We scoured the usual shopping joints we are familiar with back home to see if there were any cheap alternatives and some European chains we no longer see in the UK but the vintage scene was surprisingly disappointing compared to other Eastern European destinations. Budapest being my absolute favourite and I’ll write a separate post about that in the next few weeks. Most seem to be more retro than anything else …Levi’s, flannel shirts and the like. And the one I did want to
see, as I’d heard such good things about, Bohemian Retro, was closed on the day I wanted to visit and the hours it was open seemed very erratic. If anyone has any recommendations for second-hand stores, please send me your links. I do, unashamedly, admit that I was a big kid in Hamley’s toy store (the largest in central Europe, no less) riding the carousel and sliding down the giant slide with the same glee as a giddy toddler. As Carrie Bradshaw famously said ‘Shopping is my cardio.’ Well, I’ll say ‘Amen’ to that! … albeit with a drink at the end and in several different cities, naturally.

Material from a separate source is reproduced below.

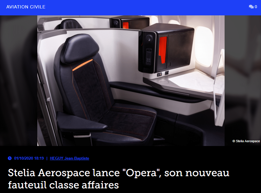 Stelia Aerospace lance « Opera », son nouveau fauteuil classe affaires

For night life in Prague I was expecting rowdy stag do’s and drunken teenager’s but we found it to be very alternative and cultured. We got our glad rags on, me in sequin trousers and an acid jazz blazer and my friend in her traditional, sophisticated black palette where we dined on refined fare at one of Prague’s most famous café’s, ‘Slavia’. Here, we sipped on bone dry Czech Riesling, whilst listening to the professional pianist and with views across to the National Theatre. We then made our way a few blocks down to ‘Jazz Republic’, situated in an old school bunker, listening to a fabulous band whilst sipping the freshest and tastiest frozen Mojito’s known to mankind. Prague has a great jazz scene but I thoroughly recommend this place not only for the amazing atmosphere and that you so easily make friends with your neighbours but it’s also free entry and to book a table. Another successful day had come to end and there is nothing quite like seeing Prague at night, either … the old town just looks even more magical in artificial light.

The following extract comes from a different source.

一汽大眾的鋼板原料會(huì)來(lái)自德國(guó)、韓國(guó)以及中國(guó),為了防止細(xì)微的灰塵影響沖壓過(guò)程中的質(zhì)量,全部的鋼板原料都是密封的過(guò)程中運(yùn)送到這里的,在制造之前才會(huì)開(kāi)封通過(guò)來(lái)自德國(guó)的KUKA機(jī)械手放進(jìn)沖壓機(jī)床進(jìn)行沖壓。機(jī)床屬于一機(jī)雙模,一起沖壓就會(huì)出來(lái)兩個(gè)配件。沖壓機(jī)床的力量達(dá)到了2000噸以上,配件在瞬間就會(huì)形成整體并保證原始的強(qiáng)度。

On our second to last day, we once again crossed the famous bridge, heading towards the ‘John Lennon’ wall where daubings of graffiti and neon slogans litter this giant wall where a pilgrimage of young Czech’s would pay homage and write messages about the man who was killed, incredibly, thirty-seven years ago. It really is a peaceful place even when there is a mass of people there. Nearby, the Museum Kampa had a fabulous Manolo Blahnik exhibition on which we happily got ‘Caried’ away with … see what I did there?! Manolo’s father was Czech and this beautiful exhibition showcased some of his most famous designs, all exquisitely handmade with the utmost care and precision. Included in the exhibition were the gowns and fur-trimmed shoes of his designs for the Sophia Coppola film, Marie Antoinette, which I can
thoroughly recommend to all. For our last supper, we dined at an elegant Italian restaurant, which was a very traditional affair with dark wood, traditional, red and white checked tablecloths and very attentive waiters.

A fitting end to a very enjoyable trip.

We flew to Prague with Easyjet. Prices start from £29.99. Hotel Kavalir single rooms start from £30 and include breakfast. Tram return journeys cost an average of 40p (yes, you heard that right!) and a beer will set you back around £2.00. A meal with wine for two will cost around £30.